#### RECORDS PROVIDED
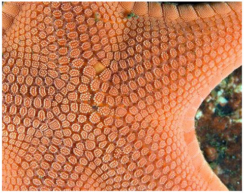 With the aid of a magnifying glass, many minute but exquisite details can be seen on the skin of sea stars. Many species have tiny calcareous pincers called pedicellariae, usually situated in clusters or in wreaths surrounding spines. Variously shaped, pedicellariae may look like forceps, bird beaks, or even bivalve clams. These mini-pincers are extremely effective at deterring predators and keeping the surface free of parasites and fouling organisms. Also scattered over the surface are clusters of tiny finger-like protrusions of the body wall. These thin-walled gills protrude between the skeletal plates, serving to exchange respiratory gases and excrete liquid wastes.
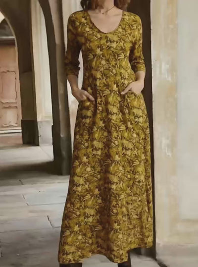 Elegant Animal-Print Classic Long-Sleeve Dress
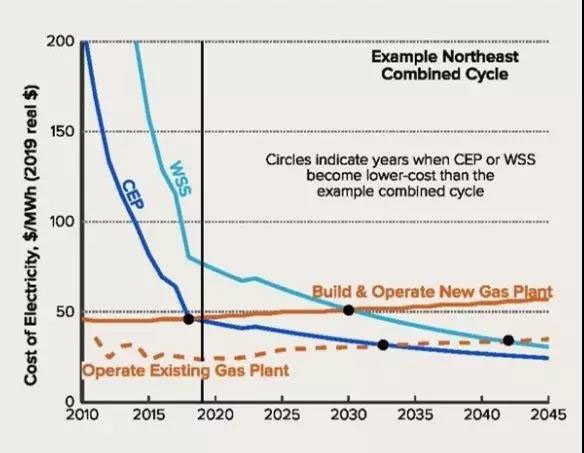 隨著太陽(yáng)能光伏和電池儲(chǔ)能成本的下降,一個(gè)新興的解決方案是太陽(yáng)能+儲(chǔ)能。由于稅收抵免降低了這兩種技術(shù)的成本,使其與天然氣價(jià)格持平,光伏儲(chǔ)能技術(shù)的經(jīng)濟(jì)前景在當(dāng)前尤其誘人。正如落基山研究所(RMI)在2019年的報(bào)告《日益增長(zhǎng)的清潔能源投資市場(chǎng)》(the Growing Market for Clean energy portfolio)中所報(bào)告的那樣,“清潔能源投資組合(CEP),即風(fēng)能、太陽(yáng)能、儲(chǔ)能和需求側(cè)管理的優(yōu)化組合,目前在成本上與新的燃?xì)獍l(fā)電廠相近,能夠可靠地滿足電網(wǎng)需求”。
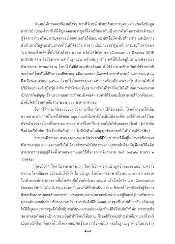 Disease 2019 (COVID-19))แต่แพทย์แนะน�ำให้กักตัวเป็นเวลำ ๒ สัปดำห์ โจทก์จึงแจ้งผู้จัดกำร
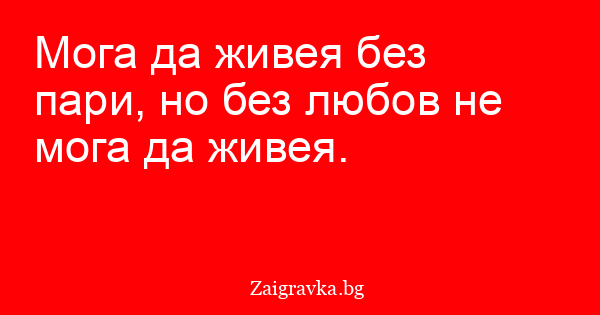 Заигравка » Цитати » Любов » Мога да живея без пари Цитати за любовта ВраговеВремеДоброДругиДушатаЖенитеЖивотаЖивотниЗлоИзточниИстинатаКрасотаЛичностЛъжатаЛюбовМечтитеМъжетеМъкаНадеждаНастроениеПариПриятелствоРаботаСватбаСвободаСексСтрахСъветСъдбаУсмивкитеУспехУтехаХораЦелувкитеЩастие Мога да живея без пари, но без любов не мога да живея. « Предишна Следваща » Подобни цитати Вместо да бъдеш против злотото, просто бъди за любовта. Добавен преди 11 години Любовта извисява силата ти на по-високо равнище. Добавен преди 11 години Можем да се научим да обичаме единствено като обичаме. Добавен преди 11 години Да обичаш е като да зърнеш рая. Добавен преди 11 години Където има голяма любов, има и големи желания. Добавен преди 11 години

--

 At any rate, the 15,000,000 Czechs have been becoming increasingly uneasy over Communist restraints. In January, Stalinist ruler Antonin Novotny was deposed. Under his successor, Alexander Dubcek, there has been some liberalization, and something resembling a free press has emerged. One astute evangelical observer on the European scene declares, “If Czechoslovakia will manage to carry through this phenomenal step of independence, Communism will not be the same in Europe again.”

---

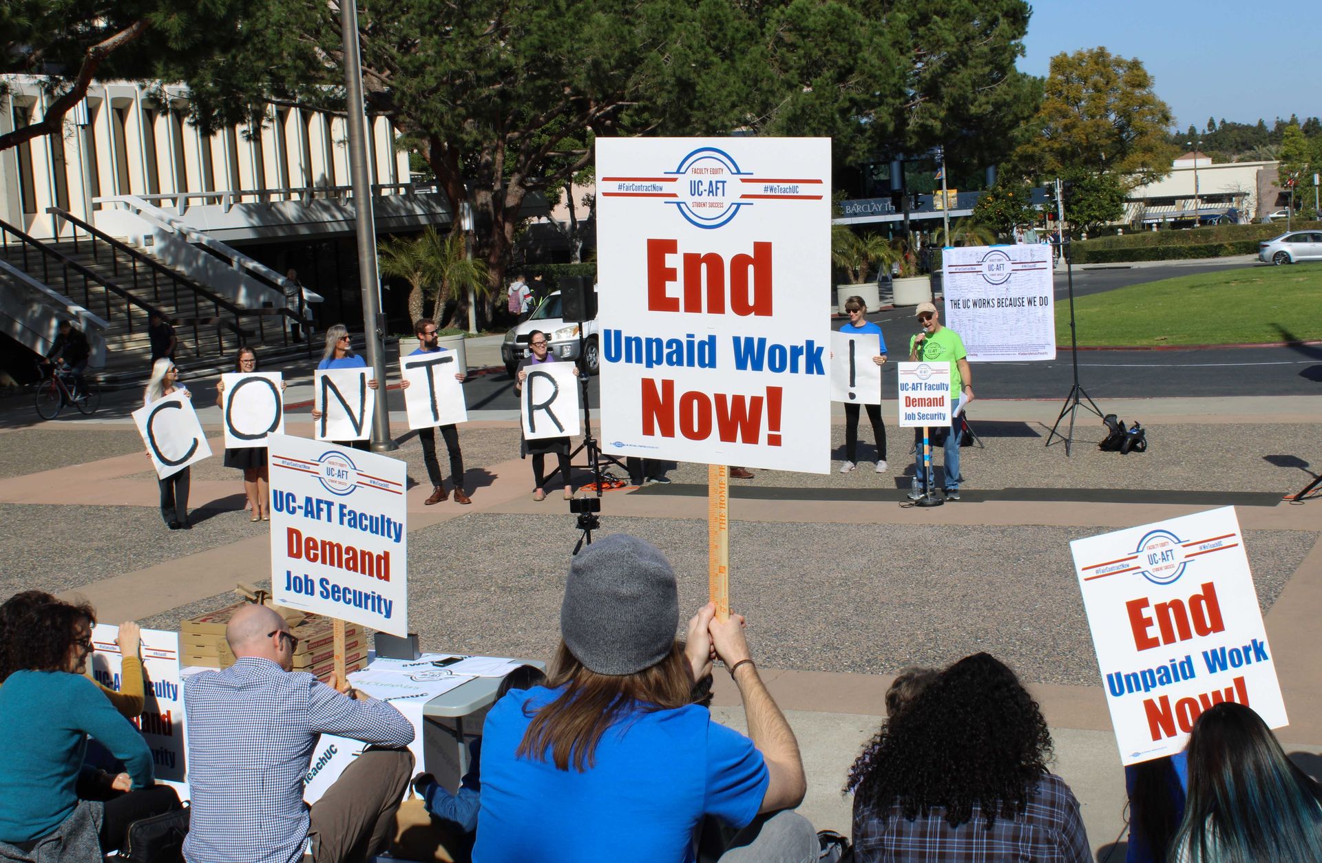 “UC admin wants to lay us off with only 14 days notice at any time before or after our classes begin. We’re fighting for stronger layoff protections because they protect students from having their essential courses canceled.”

#### YOUR OBJECTIVE
Everything above from the line with "Growing Market for" through the line with "желания. Добавен преди 11 години" should be retyped exactly, and nothing else; omit pictures.

#### REPLY TO THE TASK
 隨著太陽(yáng)能光伏和電池儲(chǔ)能成本的下降,一個(gè)新興的解決方案是太陽(yáng)能+儲(chǔ)能。由于稅收抵免降低了這兩種技術(shù)的成本,使其與天然氣價(jià)格持平,光伏儲(chǔ)能技術(shù)的經(jīng)濟(jì)前景在當(dāng)前尤其誘人。正如落基山研究所(RMI)在2019年的報(bào)告《日益增長(zhǎng)的清潔能源投資市場(chǎng)》(the Growing Market for Clean energy portfolio)中所報(bào)告的那樣,“清潔能源投資組合(CEP),即風(fēng)能、太陽(yáng)能、儲(chǔ)能和需求側(cè)管理的優(yōu)化組合,目前在成本上與新的燃?xì)獍l(fā)電廠相近,能夠可靠地滿足電網(wǎng)需求”。
 Disease 2019 (COVID-19))แต่แพทย์แนะน�ำให้กักตัวเป็นเวลำ ๒ สัปดำห์ โจทก์จึงแจ้งผู้จัดกำร
 Заигравка » Цитати » Любов » Мога да живея без пари Цитати за любовта ВраговеВремеДоброДругиДушатаЖенитеЖивотаЖивотниЗлоИзточниИстинатаКрасотаЛичностЛъжатаЛюбовМечтитеМъжетеМъкаНадеждаНастроениеПариПриятелствоРаботаСватбаСвободаСексСтрахСъветСъдбаУсмивкитеУспехУтехаХораЦелувкитеЩастие Мога да живея без пари, но без любов не мога да живея. « Предишна Следваща » Подобни цитати Вместо да бъдеш против злотото, просто бъди за любовта. Добавен преди 11 години Любовта извисява силата ти на по-високо равнище. Добавен преди 11 години Можем да се научим да обичаме единствено като обичаме. Добавен преди 11 години Да обичаш е като да зърнеш рая. Добавен преди 11 години Където има голяма любов, има и големи желания. Добавен преди 11 години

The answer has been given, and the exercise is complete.